The number of jobless college graduates in South Korea reached an all-time high in April in two years, reaching 603,000. This is an increase by almost 30,000 people from last year and the highest figure since the statistics agency started compiling data in 1999. Moreover, 44 percent of some 510,000 college graduates staying unemployed was those aged between 15 and 29 (224,000 people) as of the first quarter of the year, signaling the country’s youth taking the brunt of a shortage of jobs.
Statistics Korea has explained that the number of the unemployed in April rose because nearly 180,000 more people prepared for an exam to become public officials this year, and exams were mostly in April. Those who are preparing for employment are counted as economically inactive population, but they are classified as the unemployed if they apply for exams.
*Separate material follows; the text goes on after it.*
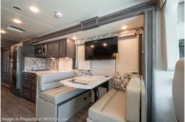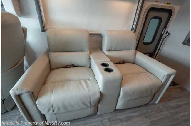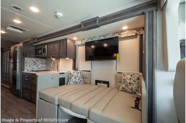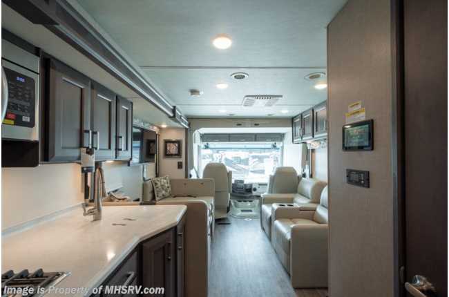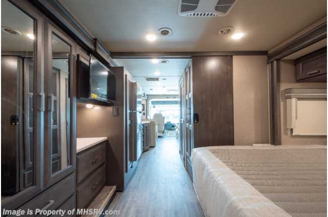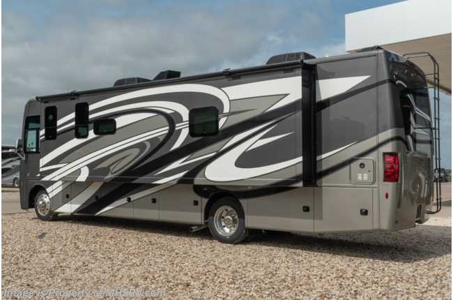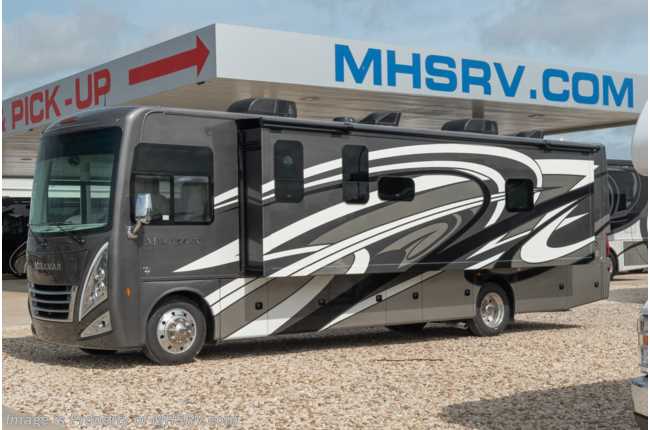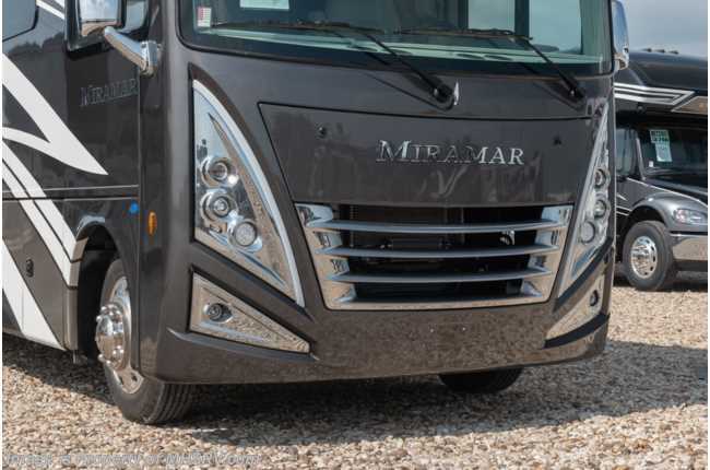 9-15-2023 MSRP $261,091. The New 2023 Thor Motor Coach Miramar 34.7 Bath & 1/2 class A gas motor home measures approximately 36 feet in length featuring full wall slide & bedroom slide with king size Tilt-A-View™ bed, high polished aluminum wheels and automatic leveling system with touch pad controls. This amazing RV also features the updated Ford chassis, automatic headlights, steering wheel with tilt/telescoping steering column and hill start assist. This beautiful RV features the optional leatherette theater seats with footrests and frameless dual pane windows. The Thor Motor Coach Miramar also features one of the most impressive lists of standard equipment in the RV industry including a power patio awning with LED lights, solar charging system with power controller, 84” interior heights, convection microwave, frameless windows, residential refrigerator, Winegard® ConnecT™ WiFi Extender, Onan generator, bedroom TV, 1800-watt inverter, touchscreen dash radio with Bluetooth® & Sirius/XM® Radio, electric entrance steps, tankless water heater and much more. For additional details on this unit and our entire inventory including brochures, window sticker, videos, photos, reviews & testimonials as well as additional information about Motor Home Specialist and our manufacturers please visit us at MHSRV.com or call 800-335-6054. At Motor Home Specialist, we DO NOT charge any prep or orientation fees like you will find at other dealerships. All sale prices include a multi-point inspection, interior & exterior wash, detail service and a fully automated high-pressure rain booth test and coach wash that is a standout service unlike that of any other in the industry. You will also receive a thorough coach orientation with an MHSRV technician, a night stay in our delivery park featuring landscaped and covered pads with full hook-ups and much more! Read Thousands upon Thousands of 5-Star Reviews at MHSRV.com and see what they had to say about their experience at Motor Home Specialist. MHSRV.com or 800-335-6054 - Why Pay More? Why Settle for Less?

Jeong Tae-ho, senior secretary to President Moon Jae-in for job creation, said that while an average of 97,000 people landed jobs in 2018, some 170,000 to 260,000 South Koreans are expected to have new jobs every month this year. “Though it is still difficult, the employment situation is improving compared with that of last year,” Jeong said, attributing the improvement to the government’s policies such as the development of new industries and the launch of the second venture boom project. However, even though numbers point to a better reality, a considerable number of new jobs are temporary positions created with tax money. With young people feeling as if the unemployment rate goes over 25 percent, the pain people need to go through is greater than numbers.
To create more decent jobs and stop abnormal trends where people flock to civil service exams, there should be support for starting a new business and business activities. At the same time, government support should not be focused only on the youth launching start-ups. Given that middle-aged people show a higher success rate of starting a business, its needs to be ensured that these people can get government support without discrimination. Thus far, if the government stressed the importance of encouraging the young to establish a new business, all ministries introduced the same, overlapping policies, to no avail.
In addition, the government must double its efforts to reform the country’s labor market. Many European countries, which used to suffer from the chronic issue of unemployment, have been able to see their employment rate grow thanks to the improved flexicurity of the labor market. Countries like Germany, Sweden, Denmark, and the Netherlands, while protecting the unemployed with social safety nets, enhanced workers’ job security and businesses’ employment flexibility by allowing fixed-term and dispatched positions. There is not a single job that would be completely safe from new technologies and new industries. Strengthening safety nets by providing employment insurance, for example, and securing the labor market’s flexibility would be the way to save businesses, industries, as well as workers.